Atraksi Api Warnai Khotmil Quran Desa Hardimulyo
Atraksi Api Warnai Khotmil Quran Desa Hardimulyo
Space Iklan
Pasukan abid atau atraksi api.

Kaligesing,(sorotpurworejo.com)--Seperti pada bulan-bulan berkah lainnya, bulan Rabiul Awal atau bulan Maulud banyak dimanfaatkan warga muslim untuk menggelar berbagai kegiatan Islami. Selain memperingati hari kelahiran Nabi Muhammad SAW, warga muslim juga memanfaatkan bulan Maulud ini untuk mengkhatamkan anak-anaknya yang telah usai atau lulus dalam pendidikan agama.

Seperti yang terjadi di Dusun Krembeng, Desa Hardimulyo, Kecamatan Kaligesing. Untuk memeriahkan peringatan Maulud Nabi dan khotmil quran, warga menggelar tradisi karnaval kuda penca atau arak-arakan kuda bagi para santri yang telah khatam mengaji. Dengan diiringi pasukan abid (atraksi api), terbangan sholawatan Jawa, serta pesta kembang api, para peserta berjalan mengelilingi jalan desa sejauh kurang lebih 5 km. Ribuan warga sekitarpun memadati jalan-jalan yang dilalui para peserta karnaval itu.

"Ini sudah tradisi rutin, hampir tiap tahun, namun waktunya bergantian, jika tahun lalu siang hari, tahun ini dilakukan malam hari," kata koordinator karnaval, Jamaludin (29), Minggu (18/12/2016).

Dikatakan, ada sekitar 13 anak baik putra maupun putri yang khatam dan diarak dalam karnaval itu. Mereka melakukan perjalanan dari RT 6 Desa Hardimulyo menuju Desa Sudorogo dan kembali hingga finish di Masjid Baitut Taqwa, tempat anak-anak menggelar khatam dan peringatan maulud nabi.

"Tradisi ini sudah merupakan tradisi yang telah turun menurun, sebagai bentuk syukur para wali murid, karena anak mereka telah khatam Al Quran, dan mereka juga ingin membahagiakan anaknya, yang telah khatam," ujarnya.

Kegiatan itu, lanjutnya, diharapkan bisa menjadi motivasi bagi anak-anak lain, untuk rajin mengaji, sehingga cepat khatam. 
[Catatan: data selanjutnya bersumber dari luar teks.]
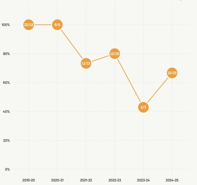 Tỷ lệ sút phạt đền thành công của Real trong sáu mùa gần đây. Ảnh: Athletic
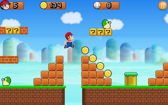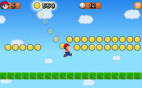 Start your exciting journey by jumping and running around the mountain land as you run pass tiles by tiles, dodging enemy fire ball attack, and pick up useful items along the road to throw baseball towards them!
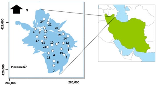 where, is the GWL at month t, is the 1-month lagged H, is the 2-month lagged H, is the 3-month lagged H, and is the 12-month lagged H. The data of 140 months (2000 (January)–2012 (September)) were selected for the current study. A total of 20% of the data set was used for testing, and 80% of the data set was used for the training, that were selected randomly. Nine observed wells (wells 6, 9, 10, 24, 11, 4, 7, 8, and 1) were used to provide the spatiotemporal variation of GWL for different months. Each piezometer had 140 monthly data points. The measurements were made one time during each month.
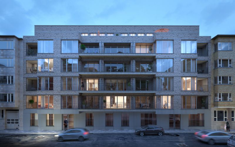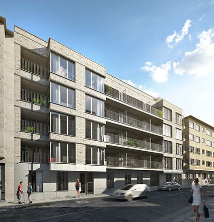 La conception du projet couvre le développement d’appartements. Le projet doit s’intégrer dans une rue principalement composée de maisons de maître et appartements. Le volume se compose de 5 niveaux de construction + 1 toit en retrait conformément à l’immeuble de bureaux à démolir et aux immeubles à appartements voisins.
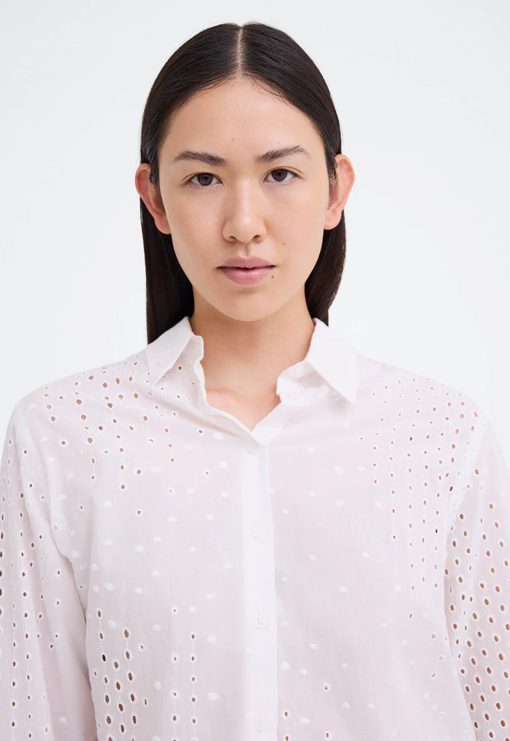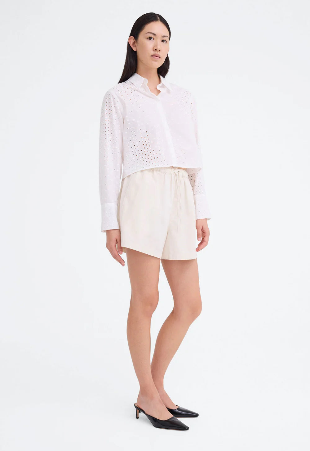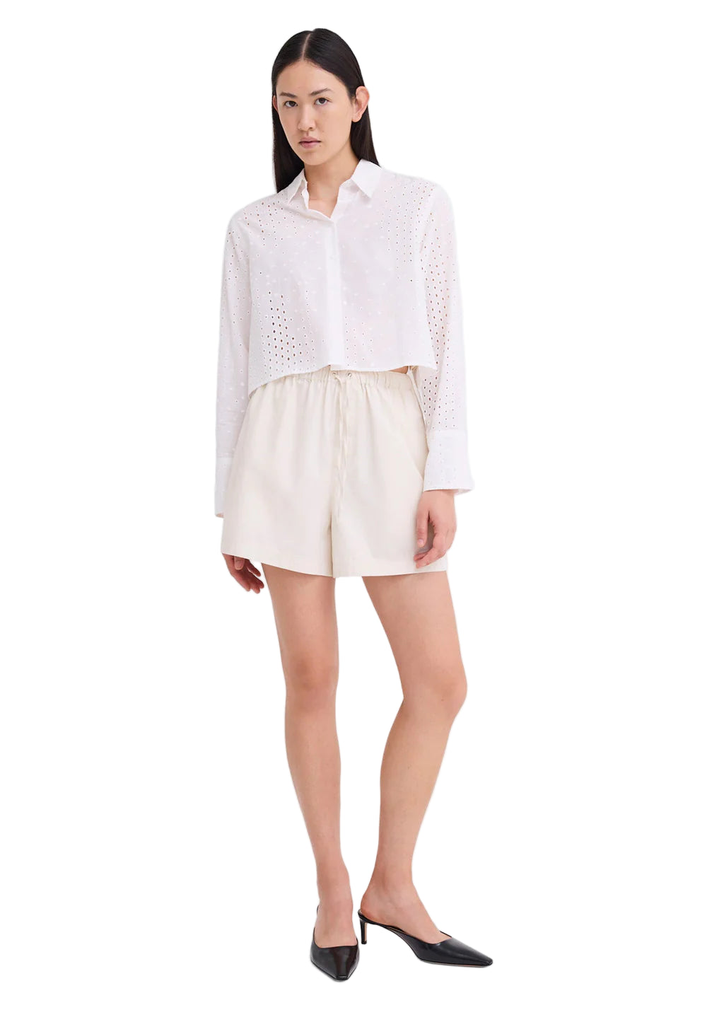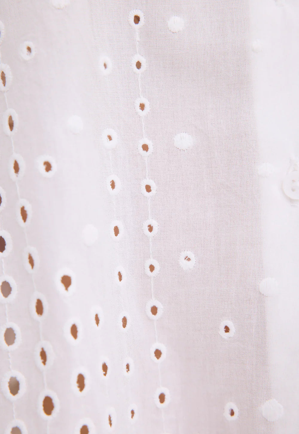 Jac and Jack Fenix Shirt in White. A modern update to the classic shirt. This cropped shirt is crafted in a bespoke broderie detailed cotton fabric. With a regular fit thourghout the body that falls to a cropped length, perfect with cotton shorts, a flared skirt or a dramatic wide leg trouser.

Diungkapkan, dalam setiap gelaran khataman, wali murid telah mengeluarkan anggaran yang tidak sedikit, dan bisa sampai menghabiskan rata-rata antara Rp 15 juta per walinya. Namun demikian, tradisi itu tetap dilaksanakan demi membuat senang anak-anaknya yang telah khatam.

"Ini menjadi daya tarik tersendiri bagi warga masyarakat sekitar, apalagi dengan suguhan berbagai atraksi api yang menarik, sehingga banyak warga yang datang menonton sekaligus untuk mengaji," ujarnya.